**Input for this task**
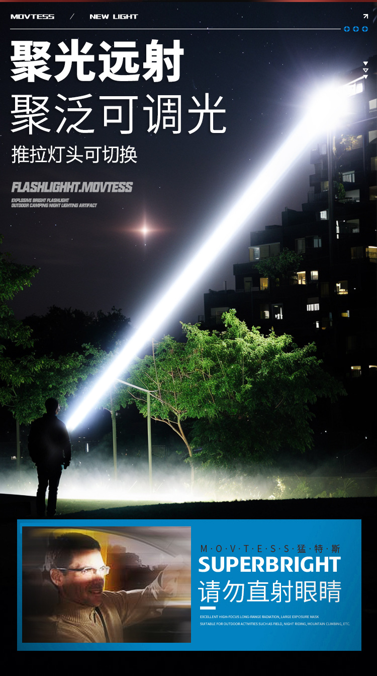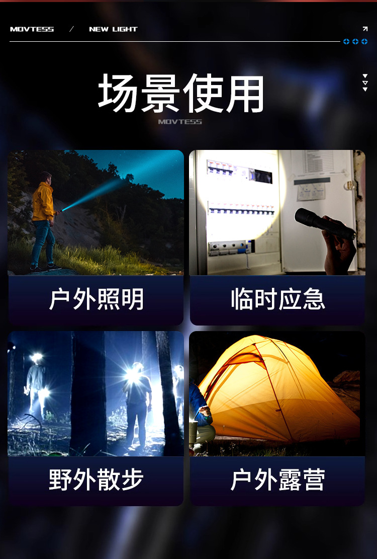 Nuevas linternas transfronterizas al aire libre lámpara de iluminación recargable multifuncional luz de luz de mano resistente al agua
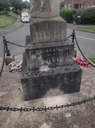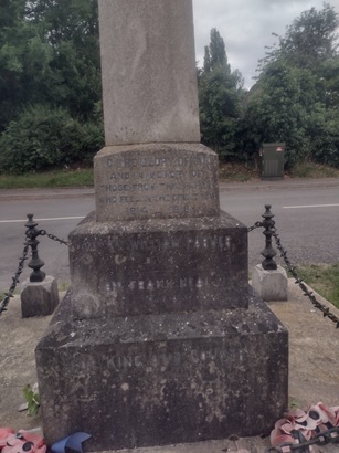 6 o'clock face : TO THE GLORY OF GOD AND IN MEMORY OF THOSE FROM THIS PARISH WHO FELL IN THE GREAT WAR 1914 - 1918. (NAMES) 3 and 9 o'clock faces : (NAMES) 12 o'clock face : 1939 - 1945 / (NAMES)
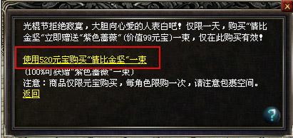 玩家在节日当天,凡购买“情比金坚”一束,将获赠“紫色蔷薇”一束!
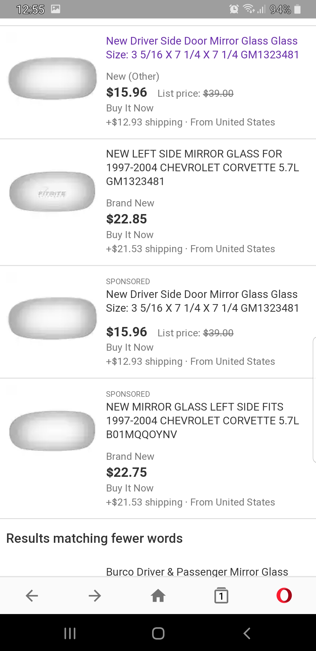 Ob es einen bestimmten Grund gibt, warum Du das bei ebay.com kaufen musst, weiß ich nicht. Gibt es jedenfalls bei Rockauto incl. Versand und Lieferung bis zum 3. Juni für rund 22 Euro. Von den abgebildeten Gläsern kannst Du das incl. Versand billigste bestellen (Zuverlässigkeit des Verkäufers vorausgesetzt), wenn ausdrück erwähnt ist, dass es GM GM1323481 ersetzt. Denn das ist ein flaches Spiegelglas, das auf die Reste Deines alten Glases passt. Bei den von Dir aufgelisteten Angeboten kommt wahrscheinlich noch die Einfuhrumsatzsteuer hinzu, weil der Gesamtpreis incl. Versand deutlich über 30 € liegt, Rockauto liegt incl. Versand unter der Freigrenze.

* * *

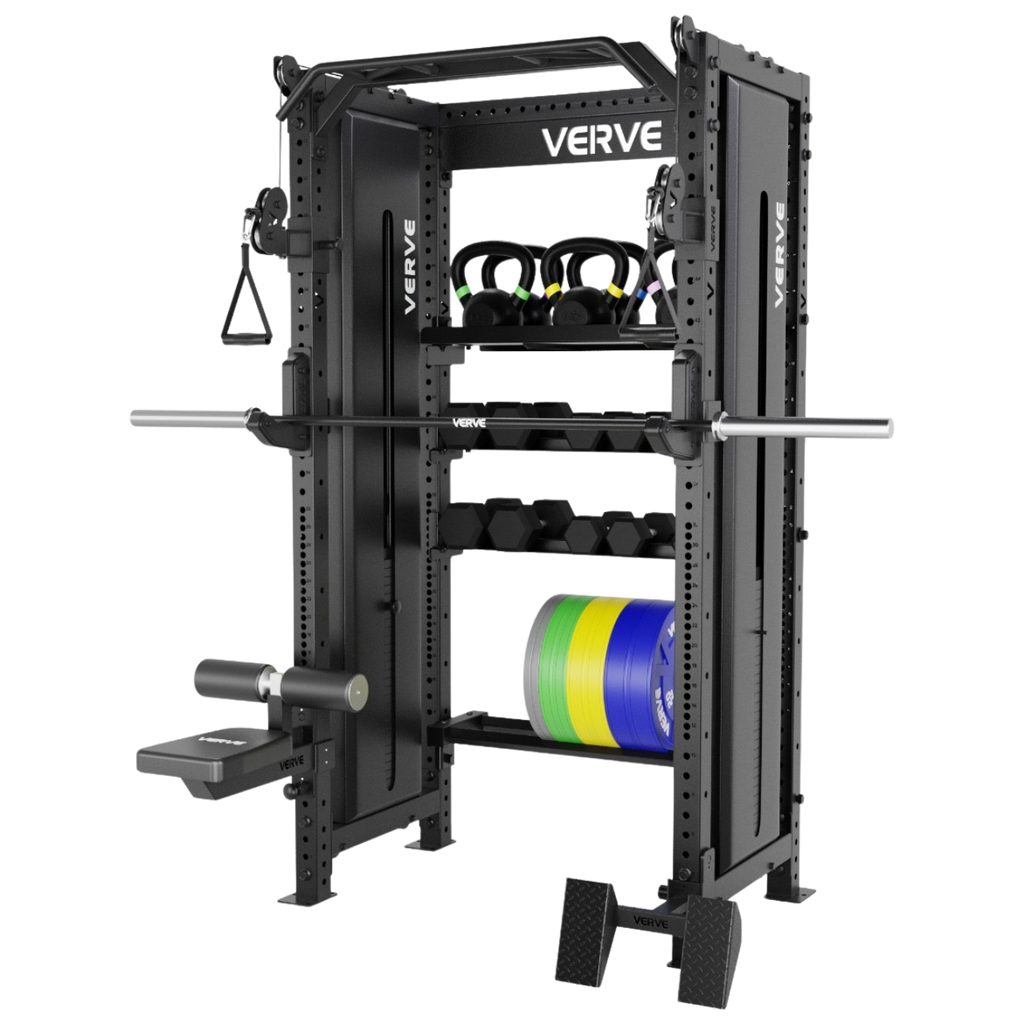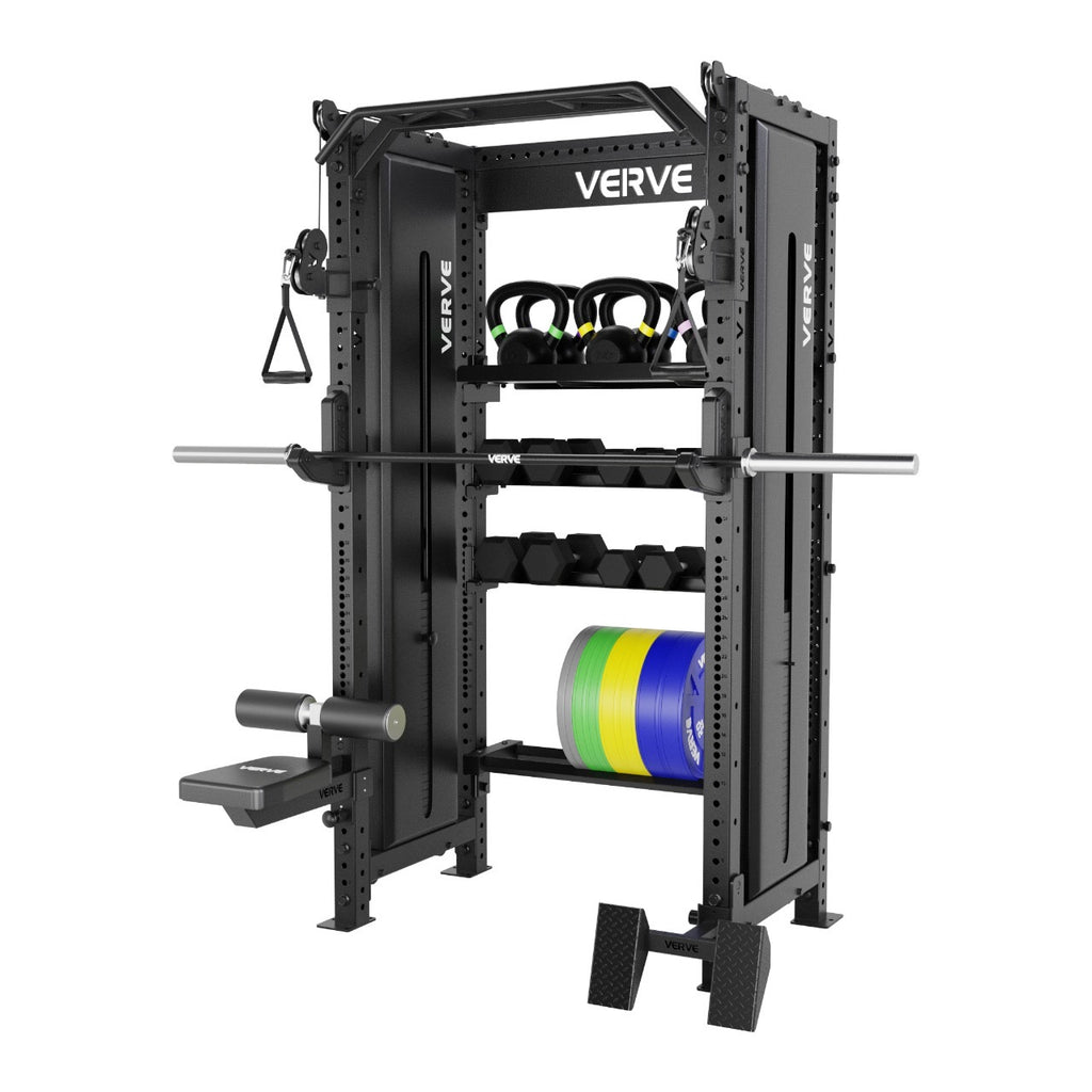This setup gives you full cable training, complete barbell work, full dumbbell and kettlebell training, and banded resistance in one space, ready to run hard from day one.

**What you need to do**
Skip every picture, and restate word for word only the lines above from the line containing "Nuevas linternas transfronterizas" to the line containing "Ob es einen", both of them included.

**Exercise output**
 Nuevas linternas transfronterizas al aire libre lámpara de iluminación recargable multifuncional luz de luz de mano resistente al agua
 6 o'clock face : TO THE GLORY OF GOD AND IN MEMORY OF THOSE FROM THIS PARISH WHO FELL IN THE GREAT WAR 1914 - 1918. (NAMES) 3 and 9 o'clock faces : (NAMES) 12 o'clock face : 1939 - 1945 / (NAMES)
 玩家在节日当天,凡购买“情比金坚”一束,将获赠“紫色蔷薇”一束!
 Ob es einen bestimmten Grund gibt, warum Du das bei ebay.com kaufen musst, weiß ich nicht. Gibt es jedenfalls bei Rockauto incl. Versand und Lieferung bis zum 3. Juni für rund 22 Euro. Von den abgebildeten Gläsern kannst Du das incl. Versand billigste bestellen (Zuverlässigkeit des Verkäufers vorausgesetzt), wenn ausdrück erwähnt ist, dass es GM GM1323481 ersetzt. Denn das ist ein flaches Spiegelglas, das auf die Reste Deines alten Glases passt. Bei den von Dir aufgelisteten Angeboten kommt wahrscheinlich noch die Einfuhrumsatzsteuer hinzu, weil der Gesamtpreis incl. Versand deutlich über 30 € liegt, Rockauto liegt incl. Versand unter der Freigrenze.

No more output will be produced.